I find there are two types of teaching learning process: I call one of them “pull system” where a student, desirous of knowing something pulls it out of where it is available, be it teachers, internet, library, textbooks or journals. The second one is the “push system” where the teacher tries to push knowledge down the throat of the unwilling recipient. In India we find that University education goes by and large in the push system. Under the circumstances I have no hesitation in asserting that e-learning is a colossal failure in India as a substitute for classrooms.
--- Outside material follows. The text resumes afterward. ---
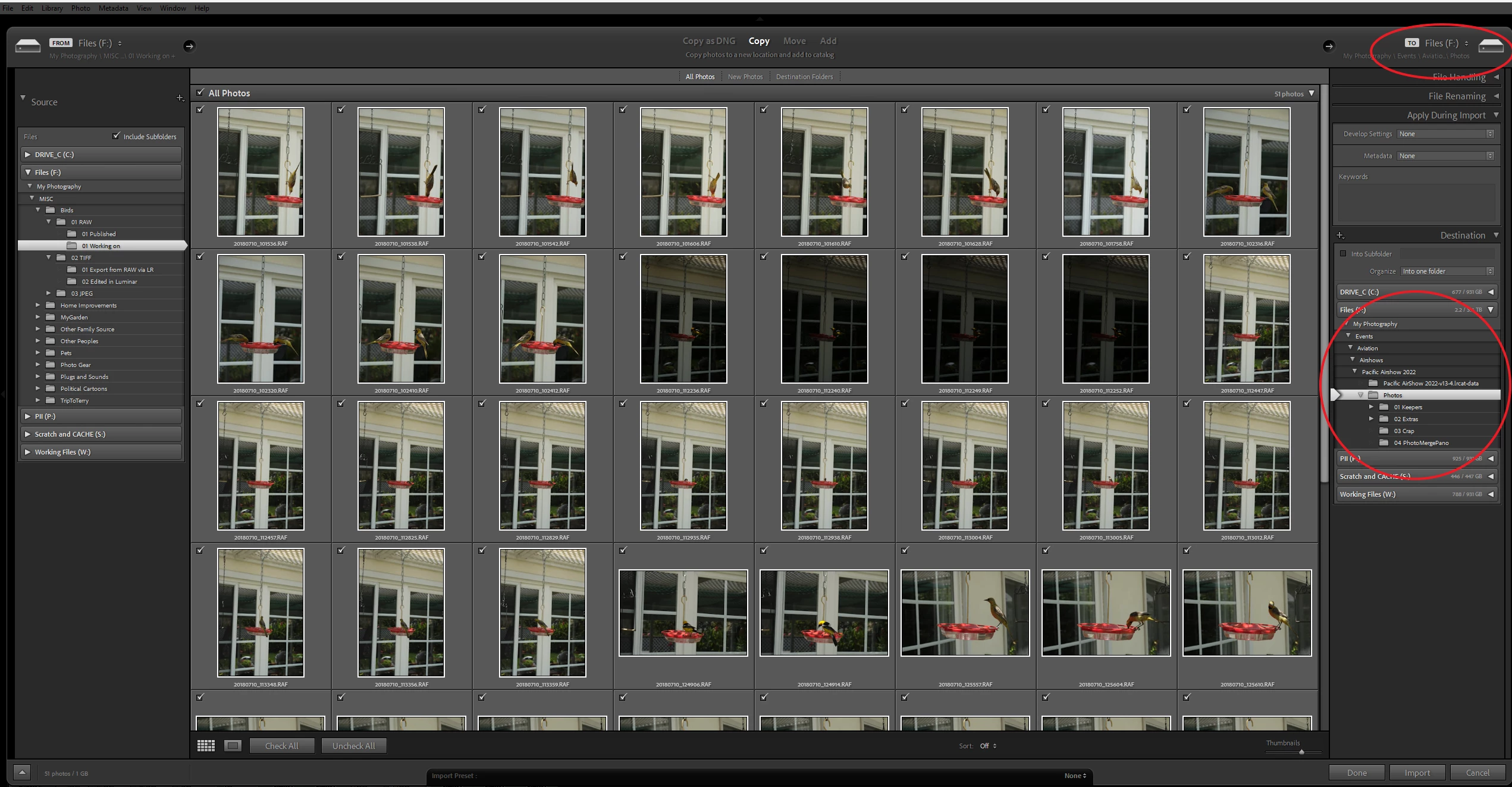 Now the default value is my last import folder (e g "2024/08/02") and I have to click "Other destanation", get thrown out into Windows Explorer, go back up one level, press "New folder" and create the new folder.

If Technical education is to be tuned towards Sustainable Development the student and teacher should come out of the age old “push system” and come to the “pull system” where the student is so motivated as to grab knowledge and information from where it is available. Modern Internet Technology becomes relevant only in this context. Philosophy of sustainable development can enter their minds and heart only if we motivate the students to accept it as urgent and important.
7.     Summary
This paper analyses the idea of Sustainable Development as defined by UN in the Brundtland Report (1987) and takes the view that it is illogical to compare financial status for development as against more valid intangibles that define quality of life. Exploitation that started  a few centuries ago continues in a different form through multinationals using new technology and influencing and manipulating governments across the world, resulting in fast depletion of natural resources. Educational systems in general and technical education in particular cater to the greed of these neo colonial forces. This can be changed only by renewing our educational systems in content and delivery. This involves breaking the vicious circle of conventional lecture-examination-marks mode. Feedback system should be made continuous and effective with the introduction of “Monday Quizzes” in classrooms. Teaching-learning process should shift from the present push system to the pull-system with better motivation.
 Design courses should be restructured to include the disposal methods of designed equipment and gadgets. It should be mandatory for brochures of gadgets to specify how to dispose of it after its life time. A legislation to this effect is recommended.